Data shown:
━━━

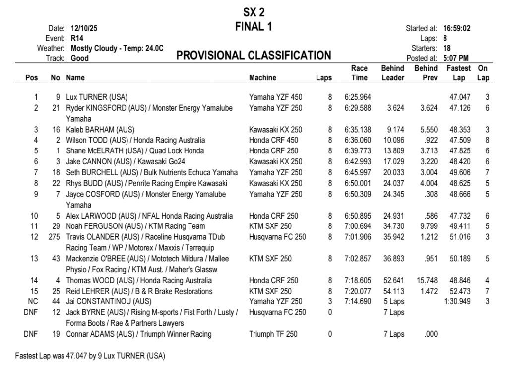In MX2 Lux Turner took the overall win with Shane McElrath off the podium.
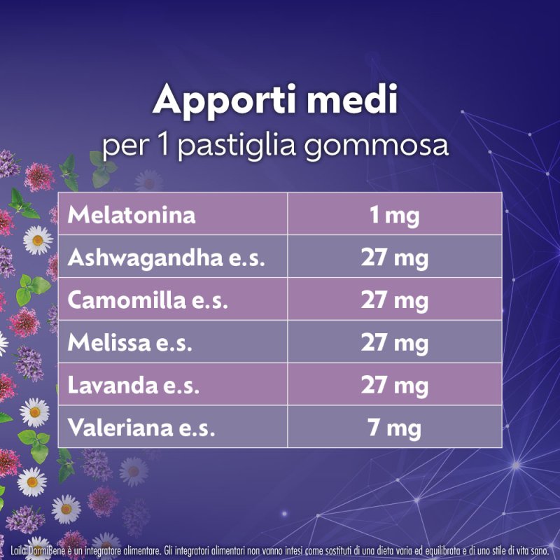 Laila Dormibene contiene: Melatonina, Camomilla, Valeriana, Ashwagandha, Melissa e Lavanda.
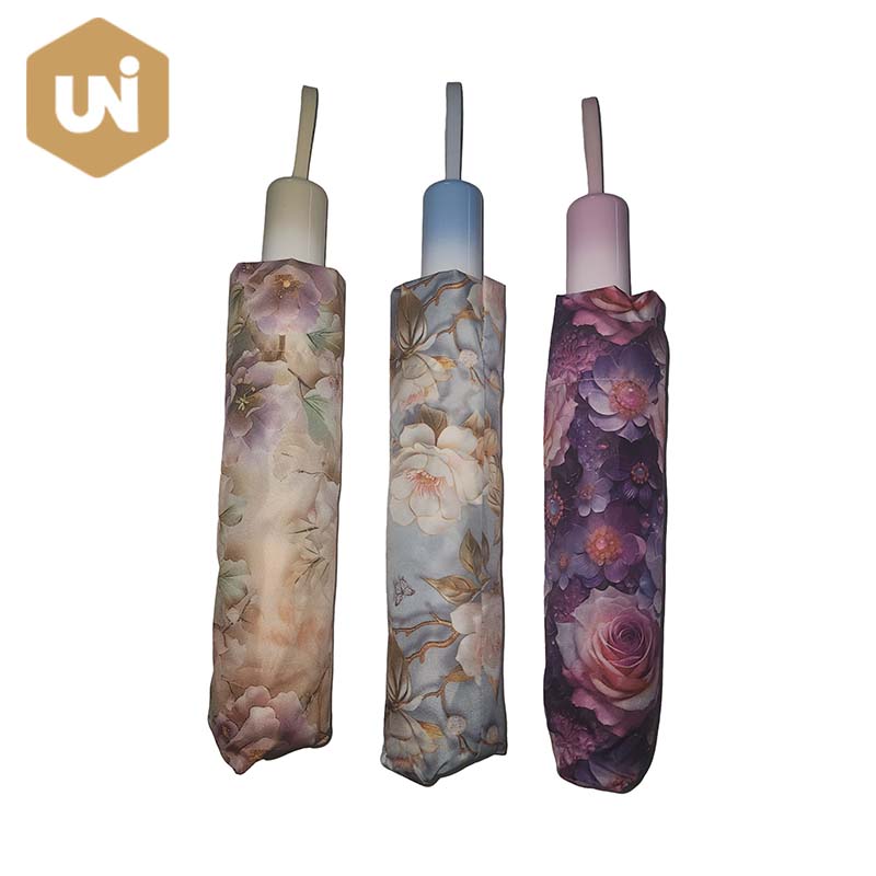 Guarda-chuvas abertos manuais dobráveis para senhora estrutura de fibra de vidro e eixo de metal, alça de plástico de cor correspondente, material sólido de poliéster |

━━━

Work to be completed:
Please return the listing above exactly and leave every picture out.

Exercise output:
In MX2 Lux Turner took the overall win with Shane McElrath off the podium.
 Laila Dormibene contiene: Melatonina, Camomilla, Valeriana, Ashwagandha, Melissa e Lavanda.
 Guarda-chuvas abertos manuais dobráveis para senhora estrutura de fibra de vidro e eixo de metal, alça de plástico de cor correspondente, material sólido de poliéster |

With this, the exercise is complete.